Safety: Survivor-participants/survivor-consultants were never asked to turn their videos on, or “prove” their experience or identity. Members of the research team also signed contracts noting that they would not look up participant or consultant videos/images.
Research Team
Equity; Collaboration; Trust: Recognizing that the people who are best equipped to work on a project like this are often blocked to the opportunity by the need for immediate income, we often paid team members in advance of their work–trusting that, like our academic colleagues, survivors and students would continue to perform their roles ethically, regardless of prepayment.

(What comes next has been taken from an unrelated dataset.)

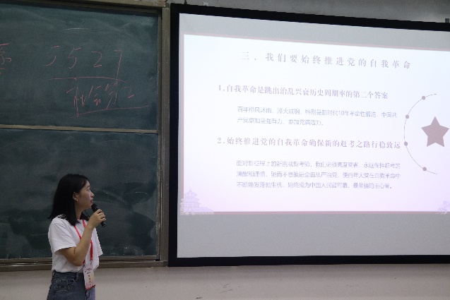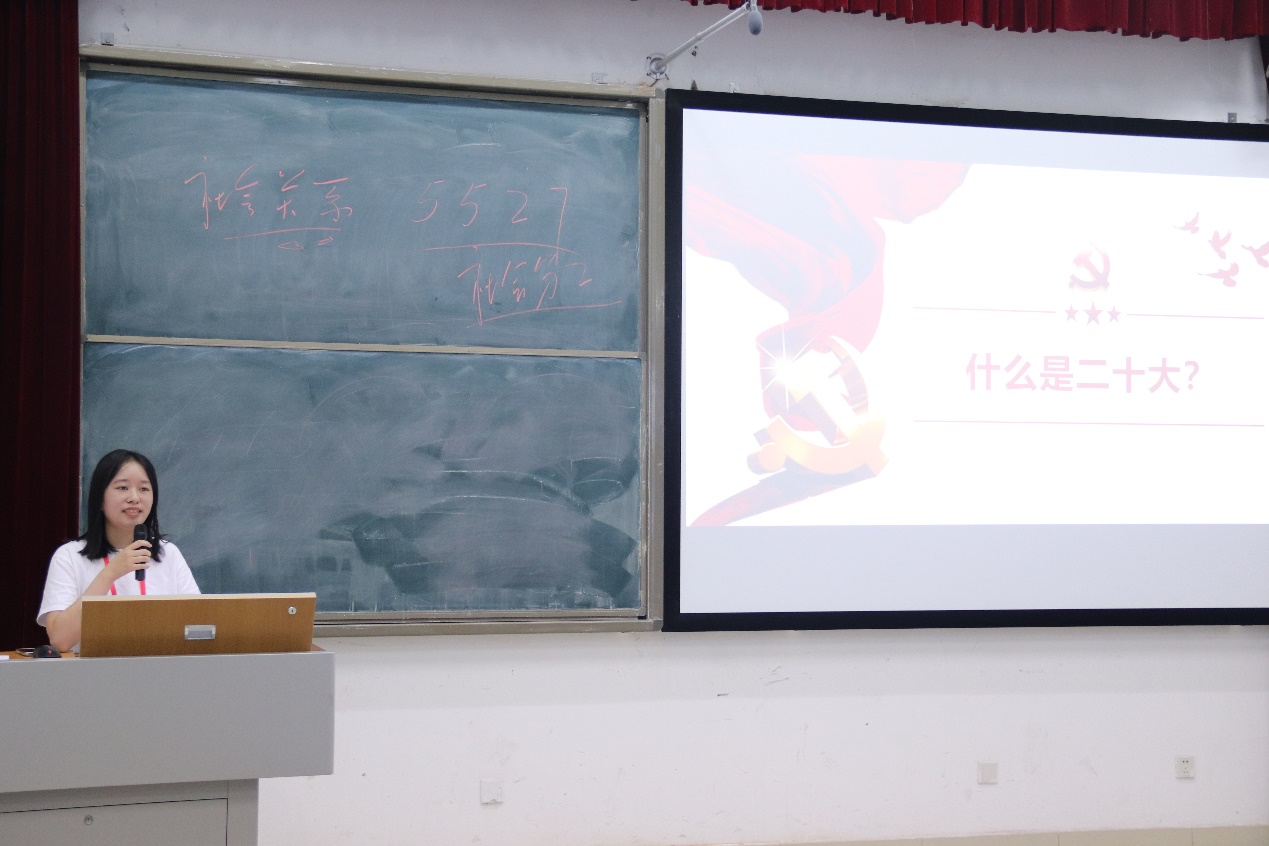 会议伊始,陈海燕学姐宣讲紧紧围绕学习贯彻习近平新时代中国特色社会主义思想主题教育带领同学们学习了相关理论知识,陈海燕学姐宣讲内容翔实、理论解读透彻,让全体同学对党的二十大重大意义和主要精神有了更加全面的认识和更加系统的理解。

Choice; Opportunity-driven; Flexibility: As with study participants, we changed compensation options for the research team, students and survivor-consultants, expanding how we think about exchanges of labor to include what worked best for each team member at different times (e.g. financial payment, internship opportunities, academic credit, volunteer/professional development; co-authorship, etc.).
Given the long history of exploitation in academia, it is important to note that all team members were initially funded, and the PI initially offered paid opportunities. However, after receiving pushback from survivors/community members about how these top down decisions remove agency from those most impacted, the PI changed compensation structures to meet different ideas of compensation that either felt more critical to the individual (choice) exchanging their labor and/or created space for working on a project for reasons that were not financially motivated.

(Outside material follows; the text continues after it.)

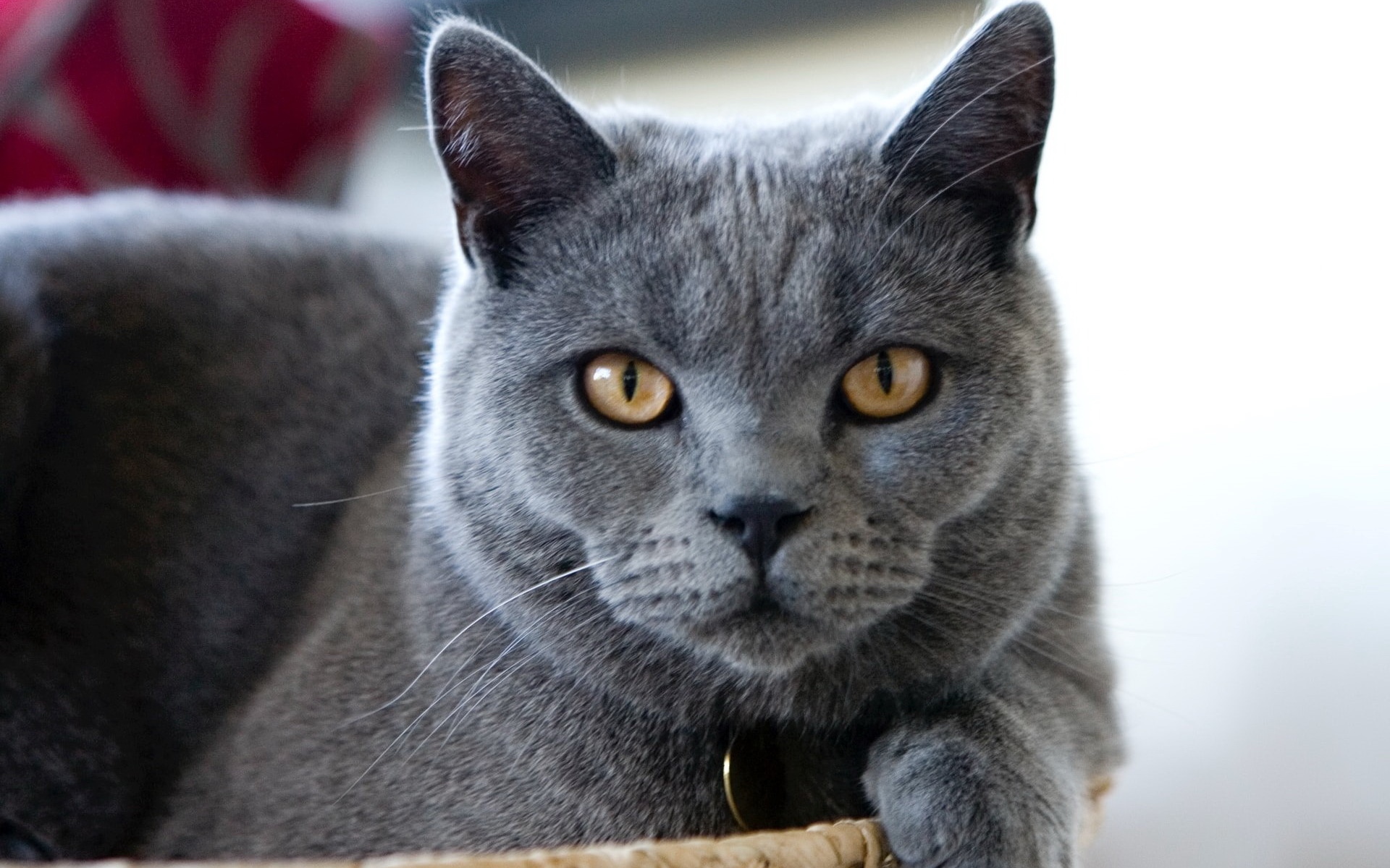 Description: A gray cat with yellow eyes sitting in a basket with a red chair in the background and a red chair in the foreground.

If applying a structure that expands compensation options beyond traditional means (monetary), it is crucial that the PI actively resist the draw of starting with non-funded positions as the exchanges often serve to benefit the PI, rather than those with the least power on the team and thus go against a trauma-informed and equity based model of research.

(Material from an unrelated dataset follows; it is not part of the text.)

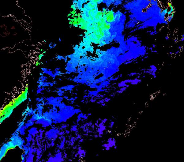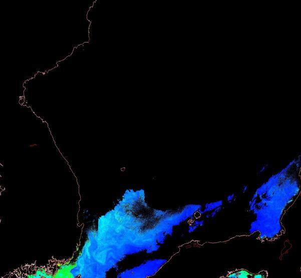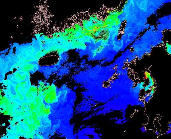 o 천리안 GOCI 클로로필 a 대화퇴지역. |

Flexibility; Opportunity-driven; Equity; Collaboration: The PI tried to uphold an 80/20 rule around staff and student workload. This meant providing the opportunity for people on the research team to work primarily on what interests them; or develop the skills they believed they needed for their future professional goals, rather than center workload around project-needs. The PI tailored work plans to these interests for eighty percent of their expected time, with the other 20% being project-based work.
Safety: Providing paid time for members of the team to take care of themselves and manage secondary trauma.
Systems
A key component of a trauma-informed approach is that the framework must extend to include the broader systems and structures. Therefore, the following examples represent how the PI is leading this work at the structural-impact level:
Challenging existing funding structures by fighting for (equitable) pay for survivor-consultants, including for their creative work.
Challenging existing funding structures by creating non-financial compensation options and letting those with the least determine their own compensation option. This means re-imagining required internships as research assistants, building independent studies (where the PI does not receive additional pay for teaching an additional course), finding opportunities for training and professional development, co-writing with students, and having independent and changing compensation structures for each team member.
Challenging existing academic and educational structures by pushing for trauma-informed and survivor-led knowledge to be embedded into curricula for public service fields like criminal justice, social work, education, etc.
Challenging existing tech-funding agencies and academic/educational structures by pushing for gender-based violence curricula to be included in cybersecurity, cybercrime, cyberviolence, and technology-driven fields.
Challenging academic and scientific structures of legitimacy by releasing research findings on our website, before going through a peer reviewed process.